叮鈴——
一聲極輕、極透的清脆鈴音,毫無預兆地自院外清冷的山風中飄了進來,清晰地落進了棲雪塢的每一個角落。
水榭之內,原本安靜飲茶的洛玄衡手指微頓,青瓷茶盞在桌面上發出一聲極輕的磕碰。
「回來了!」
本來還在石桌旁煩躁踱步的萳昭眼睛一亮,三十一歲的他雖早已褪去了少年的青澀,沉澱出幾分成熟的銳氣,可一聽到這熟悉的鈴聲,嘴角還是忍不住上揚。
沒其他人動作,一道黑影已經像風一樣卷了出去。
「讓開點,擋道了。」
二十七歲的䨝嵐三步並作兩步跨下臺階。
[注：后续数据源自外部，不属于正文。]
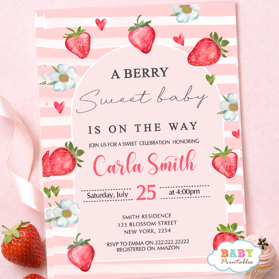 Celebrate your little one on the way with this adorable Berry Sweet Baby Shower Invitation featuring charming watercolor strawberries, soft pink tones, and a sweet, feminine design. This “A Berry Sweet Baby is on the Way” invitation is perfect for a girl baby shower, strawberry-themed party, or summer celebration.
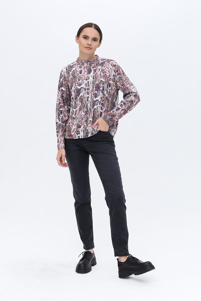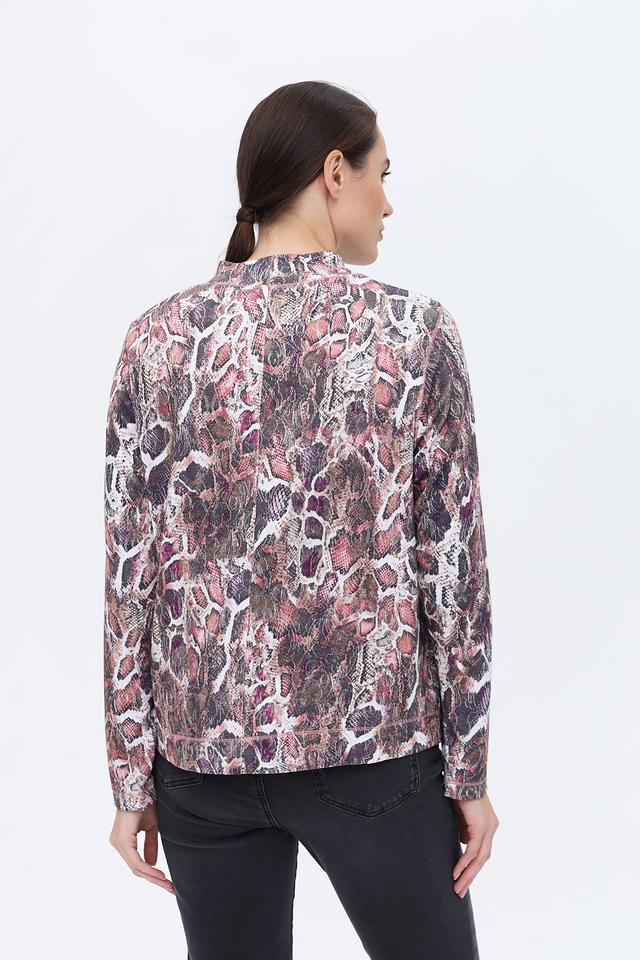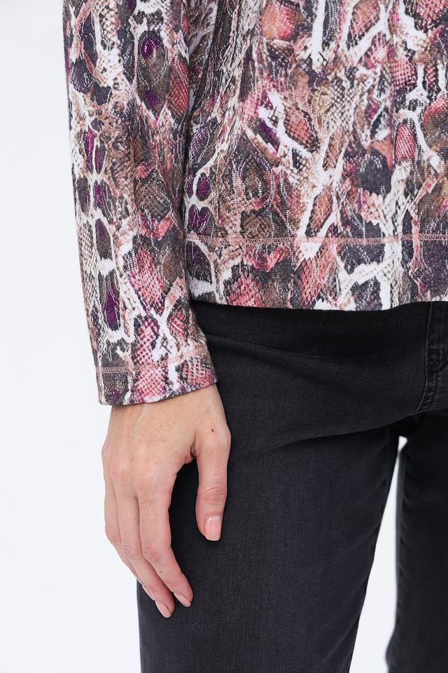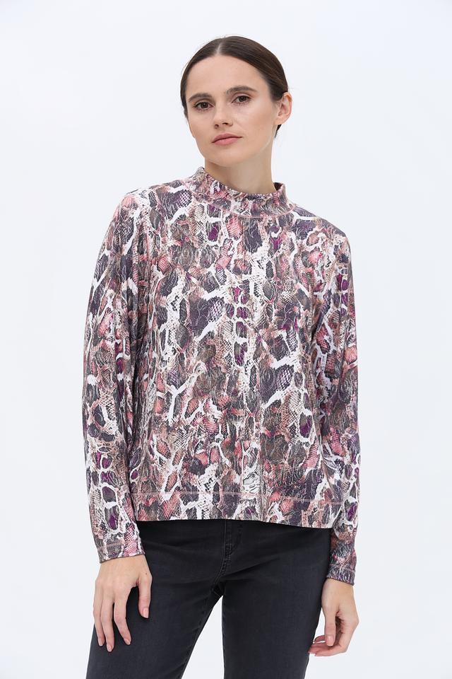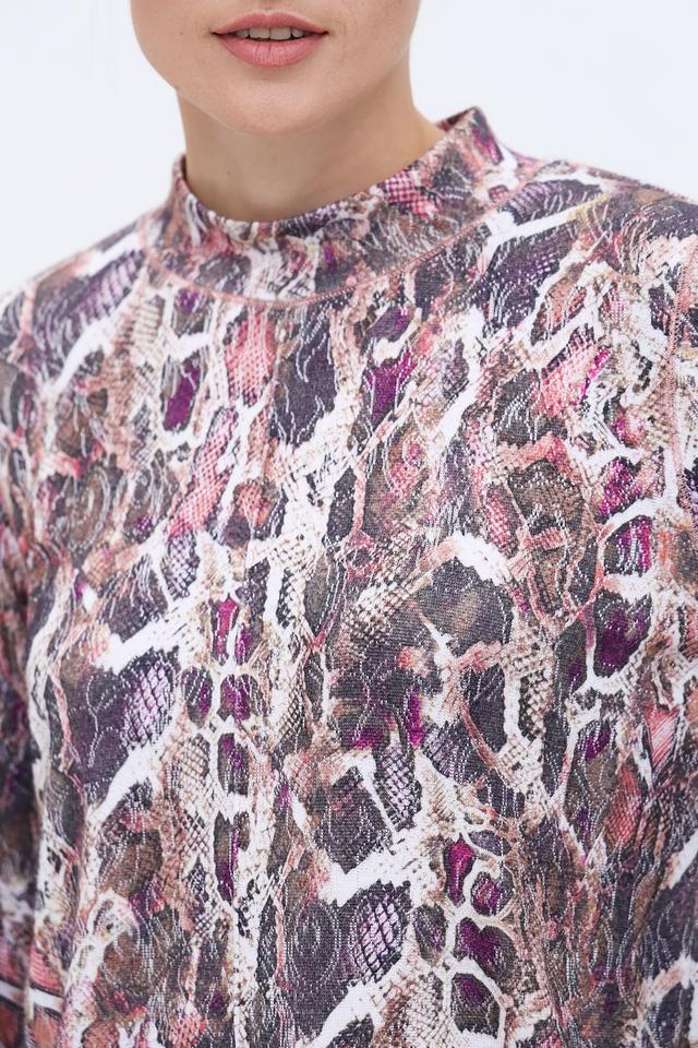 Пуловер имеет высокий воротник-стойку, который придает образу элегантность и изысканность. Основной акцент изделия – эффектный принт, имитирующий змеиную кожу, выполненный в разнообразной цветовой гамме.
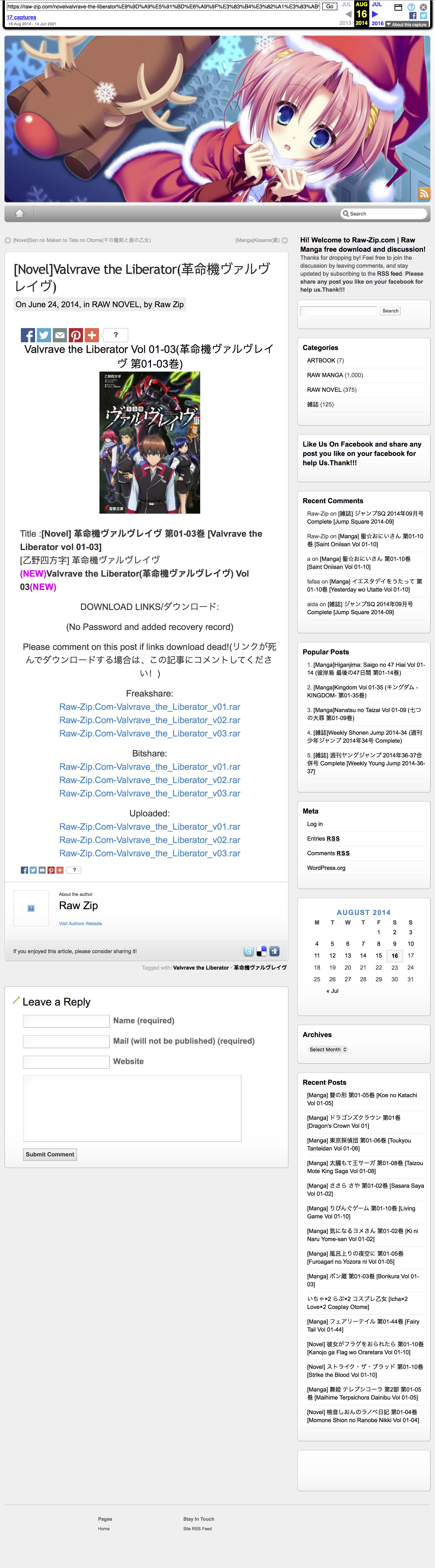 Out of curiosity, did anyone ever download the light novel from this site?https://web.archive.org/web/20140816105942/https://raw-zip.com/novelvalvrave-the-liberator%E9%9D%A9%E5%91%BD%E6%A9%9F%E3%83%B4%E3%82%A1%E3%83%AB%E3%83%B4%E3%83%AC%E3%82%A4%E3%83%B4/

他幾步衝到院門口,一把攥住那人的手腕,拉著人往塢內走,語氣雖依舊帶著刻薄的嫌棄,眼底卻藏著掩飾不住的笑意:「在化骨池那地方泡成冰塊了是不是?手涼得跟死人似的,非得讓人抬著你出來才肯挪窩?」
被拽著往前走的姜暮閆無奈地勾了勾嘴角。
二十二歲的姜暮閆身量早已長開,腰間系著的白玉笛隨步伐發出聲響,他任由䨝嵐像小孩子拉著自己走,霧藍灰的鳳眸裡透著溫潤與鬆弛。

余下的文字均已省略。